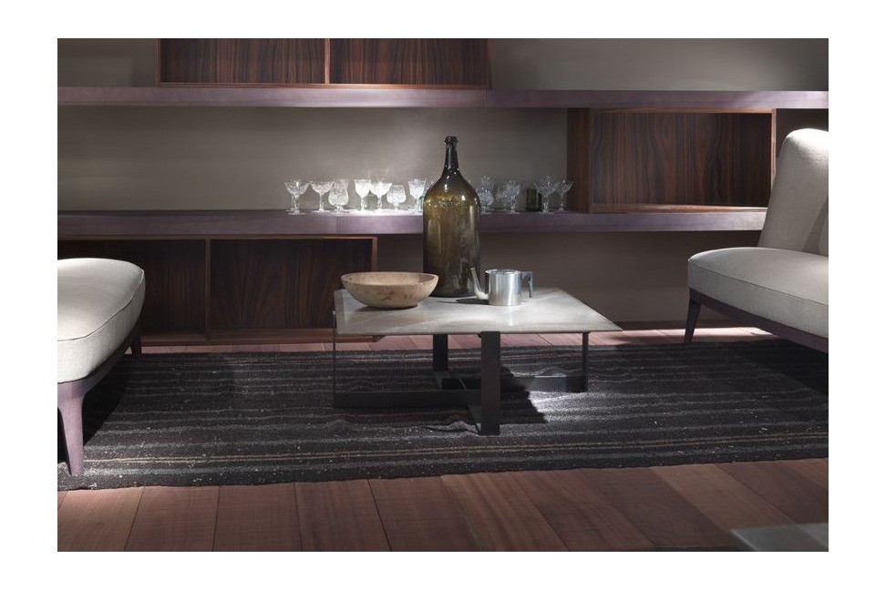 Jacques est un table basse produit par Flexform Mood. Il est réalisé avec une base en métal particulière et un plateau en marbre.
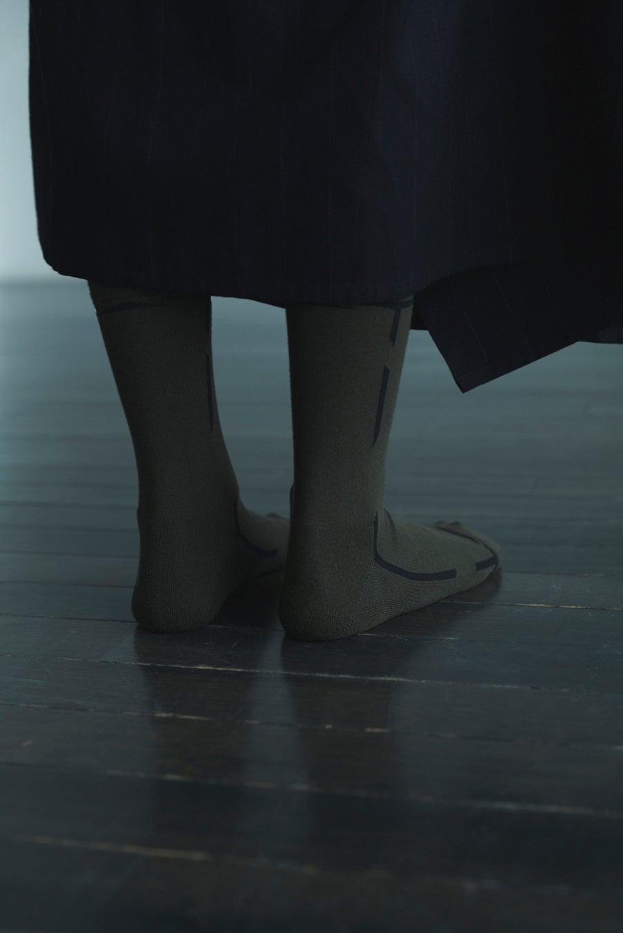 シックストックス定番の「ライン」をかすれて途中で途切れたような表現でデザインしたハイゲージソックス。
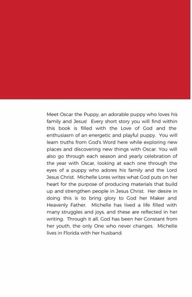 Meet Oscar the Puppy, an adorable puppy who loves his family and Jesus! Every short story you will find within this book is filled with the Love of God and the enthusiasm of an energetic and playful puppy. You will learn truths from God's Word here while exploring new places and discovering new things with Oscar. You will also go through each season and yearly celebration of the year with Oscar, looking at each one through the eyes of a puppy who adores his family and the Lord Jesus Christ. Michelle Lores writes what God puts on her heart for the purpose of producing materials that build up and strengthen people in Jesus Christ. Her desire in doing this is to bring glory to God her Maker and Heavenly Father. Michelle has lived a life filled with many struggles and joys, and these are reflected in her writing. Through it all, God has been her Constant from her youth, the only One who never changes. Michelle lives in Florida with her husband.
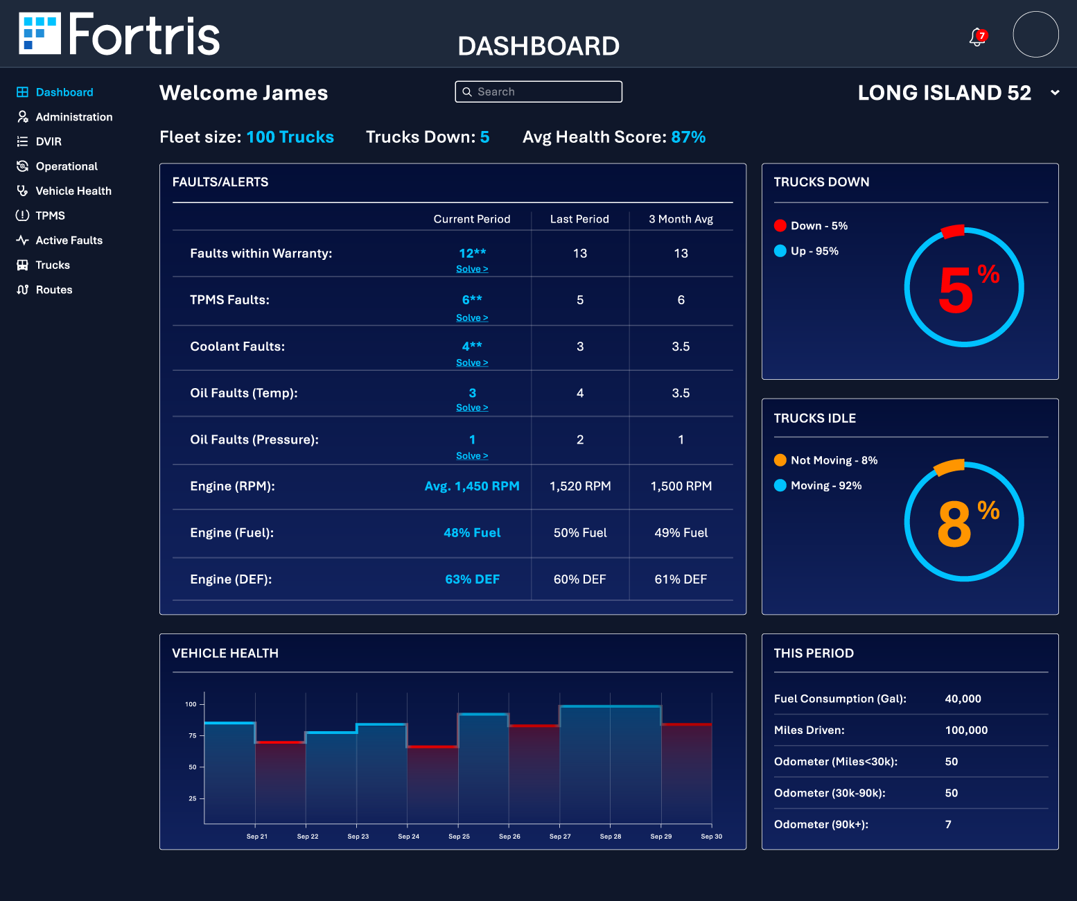 Comprehensive vehicle health monitoring covering engine, transmission, TPMS, fuel, and DEF systems.
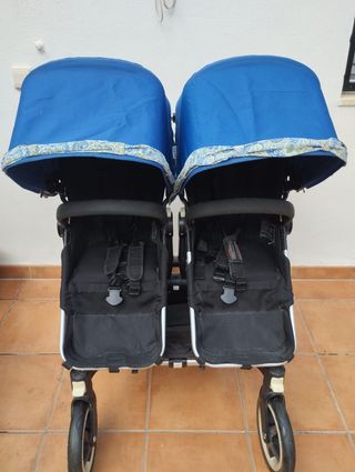 Silla de paseo doble Bugaboo Donkey en color negro y beige. Perfecta para dos niños. - Capotas extensibles. - Arnés de seguridad de 5 puntos. - Cesta de compras. - Ruedas todoterreno. Se vende además con dos capotas en color azul con cubrepies, protector para la lluvia, dos capazos y cesta auxiliar (se coloca en el lugar de una segunda silla). Se entrega también con 2 fundas de capazo, dos empapadores para el colchón del capazo y sábanas
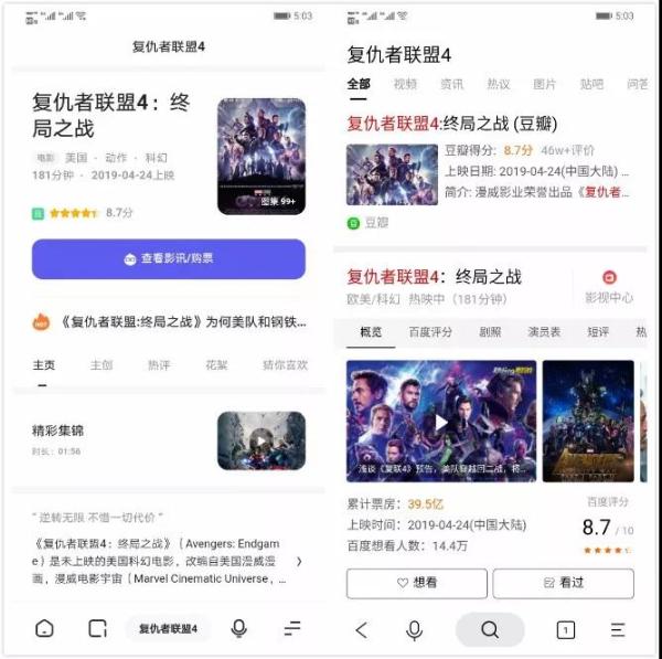 以近期爆款電影復仇者聯盟為例,當用戶進行搜索時不光可以得到百科信息,也能夠獲得豆瓣熱評,微博熱搜,購買電影票信息等全方面的服務,使其不光光成為一個搜索工具,也能夠更加簡潔的融入生活。
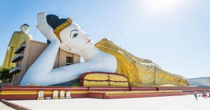 Après le déjeuner, nous allons visiter la pagode Kyaukhtatgyi qui abrite une statue du Bouddha couché de 70 mètres de long. Une visite à Kyaukhtatgyi offre un bon aperçu du bouddhisme avec des peintures murales représentant la vie du Bouddha. Vous observerez les pieds de la statue sculptées avec des symboles traditionnels et vous remarquerez souvent de nombreux habitants venir s'y recueillir pour rendre hommage et prier.

************

### INSTRUCTIONS TO FOLLOW
Copy back, word for word, every line between the top of the material above and the line that contains "シックストックス定番の「ライ", both included, without any pictures.

### TASK ANSWER
 Jacques est un table basse produit par Flexform Mood. Il est réalisé avec une base en métal particulière et un plateau en marbre.
 シックストックス定番の「ライン」をかすれて途中で途切れたような表現でデザインしたハイゲージソックス。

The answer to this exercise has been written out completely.